What is IaC?
The first objective will cover basic understanding of IaC and why it is useful in the first place.
So what is Infrastructure as Code?
Infrastructure as Code (IaC) is the practice of managing and provisioning of infrastructure through code instead of through manual processes.
IaC configuration files contain your infrastructure specifications. Configuration files contain modularized representation of the resources such as compute instances, storage, load balancers, DNS setup, security groups, network access controls, autoscaling, and much more.
What are the advantages of IaC patterns?
IaC enables teams to collaborate, edit, and distribute configurations with ease. IaC also ensures consistent environments every time. Ability to version configuration changes is another reason why IaC is gaining traction because configuration can be stored in VCS like Github or Gitlab.
Infrastructure as Code promotes cloud-first or cloud-native approach to resource management.
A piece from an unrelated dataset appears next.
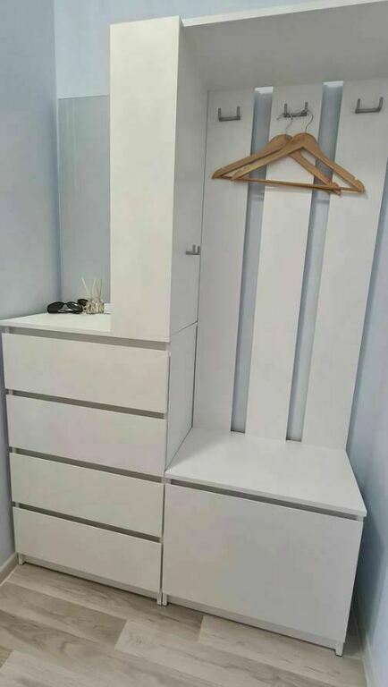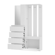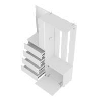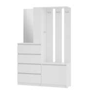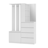 Прихожая Симпл ПР-04 - минималистичное готовое решение для современных интерьеров. Отличается практичным дизайном и максимальной функциональностью. Модуль состоит из 4-х выдвижных ящиков, тумбы с откидной створкой, зеркала, открытых полок, надежных крючков для верхней одежды и верхней полки под сезонные аксессуары.

This approach emphasizes resilience, elasticity, and availability by automating resource provisioning and setup. Standardization and consistency are enforced allowing developers to create production-like environments on-demand. Automated deployment reduces human-error which is common when managing complex infrastructure.
Integration of new services and features is greatly simplified because developers and DevOps professionals can create environments and test new features with relatively quick feedback.
Platform-agnostic tools like Terraform allow management of resources from multiple providers (e.g. AWS+Azure+GCP) in one place.
Terraform’s purpose and multi-cloud / provider-agnostic benefits
Cloud hosting took internet by storm. It brought in a new paradigm of how people use IT infrastructure. Resources are expendable in this paradigm. They are created, modified, scaled, and destroyed when needed.
This is a stark difference from conventional managed infrastructure where organization would need to buy and setup physical hardware. Expanding infrastructure this way meant that it took weeks or months to add additional servers or databases. Initial cost was very large and very few organizations had the resources to do it.
Cloud enabled provisioning of resources within minutes and paying only for what you use allowed startups to bring their products to market in record time.
Terraforms aims to provide a consolidated view of resources while also allowing teams to collaboratively and safely change or deploy infrastructure. IaC provides convenient and automated management of resources through API.
Terraform is often used to create and manage infrastructure for SaaS (Software as a Service), PaaS (Platform as a Service), and IaaS (Infrastructure as a Service). All of these models rely on standardized and consistent deployment of new resources while making sure that there is a high degree of consistency.
Another big reason for Terraform’s popularity is the fact that it is provider-agnostic. It is not uncommon for organizations to have a hybrid infrastructure with some resources residing in one or more cloud hosting providers (eg AWS+Snowflake) and some resources being in a privately-owned datacenter.
So, to summarize Terraform’s purpose:
- Unify resources from one or more providers
- Create a high-level abstraction of resources
- Allow teams to make changes to infrastructure in a safe and predictable fashion
- Allow versioning of infrastructure using VSC like Github
- Separate planning from execution (dry runs)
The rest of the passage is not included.